Brazil’s central bank cut its benchmark Selic interest rate by 100 basis points for the fourth time in a row but said it would slow down the pace of easing at its next policy meeting and is looking toward a gradual ending of the monetary easing cycle.
The Central Bank of Brazil has now cut its policy rate by 600 basis points since embarking on the easing cycle in October 2016 and by 550 points this year on six different occasions. Today’s rate cut was widely expected by economists.
The bank’s Selic rate now stands at 8.25 percent and the decision by the bank’s monetary policy committee, known as Copom, was unanimous and without a bias.
Copom said the current scenario includes the Selic rate ending at 7.25 percent by the end of this year, down from July’s forecast of 8.0 percent and implying the key rate will be lowered by another 1 percentage point in coming months. Copom next meets Oct. 25.

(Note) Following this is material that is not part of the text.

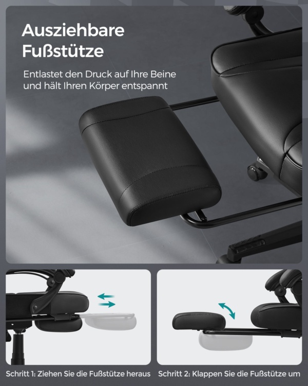 Biuro kėdė su kojų atrama ir juosmens pagalvėle, keliamoji galia iki 150 kg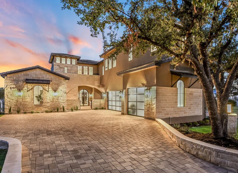 315 Matern Ct. is a newly constructed waterfront estate located in the gated community of Matern Island. Built on peaceful cove water, the home boasts coveted Eastern exposure and 76' of Lake LBJ waterfront. Guests are welcomed into a private courtyard that leads to the main house or the separate guest quarters. Inside, the grand two-story living area features a striking floor-to-ceiling fireplace and ten-foot glass stacking doors open to a spacious covered patio, creating a seamless flow between indoor and outdoor living spaces. The kitchens serve as the heart of the home, centered around a stunning quartzite waterfall island that enhances functionality and provides the perfect gathering spot for friends and family. The main-level primary suite is a luxurious retreat with a spa-like ensuite bath and a generous walk-in closet featuring custom-built storage solutions. Upstairs, you'll discover an entertainment haven, which includes a game room and a media room, complemented by a wet bar for easy hosting. Step outside to explore multiple levels of outdoor living spaces where you can enjoy resort-style amenities, including an outdoor kitchen & dining area, a private pool & spa, a fire pit, and a private boat slip. This meticulously crafted home combines luxury, comfort, and functionality, making it an ideal choice for those seeking the best in waterfront living.

Copom expects the Selic rate to fall further to 7.0 percent in early 2018 but then rise to 7.5 percent by the end of next year. In July the central bank saw Selic remaining at 8.0 percent through 2018.
Last week the central bank’s survey showed that economists had lowered estimates for the Selic rate to end the year at 7.25 percent from 7.50 percent while 2018 estimates remained at 7.50 percent for the third week in a row.
Recent economic data are consistent with a gradual recovery of Brazil’s economy, the bank said, adding the global outlook and the outlook for inflation are favorable.
Brazil’s economy has finally begun to pull out of its worst ever recession with its Gross Domestic Product expanding for the second quarter in a row as household spending rose for the first time in over two years. Government spending and investments, however, continued to decline.
GDP grew by 0.2 percent in the second quarter following 1.0 percent in the first quarter, the first quarterly expansions since 2015. On an annual basis, the economy grew by 0.3 percent for the first annual growth since the first quarter of 2014.
Inflation, meanwhile, remains well below the central bank’s target range and at the lowest seen since February 1999. In June the government lowered the inflation target for 2019 to 4.25 percent and to 4.00 percent for 2020 while retaining the 1.5 point range.
In August inflation fell to 2.46 percent from 2.71 percent in July compared with the central bank’s target range of 4.5 percent, plus/minus 1.5 percentage points, as food and beverage prices fell further due to a strong harvest.
The fall in inflation bolstered expectations the central bank would continue to cut rates by another 100 basis points today and triggered further reductions in rate expectations.
After depreciating from mid-2014 through most of 2015, Brazil’s real started firming in February 2016 and has continued to slowly rise since then. Today the real was trading at 3.1 to the U.S. dollar, up 5 percent since the start of the year.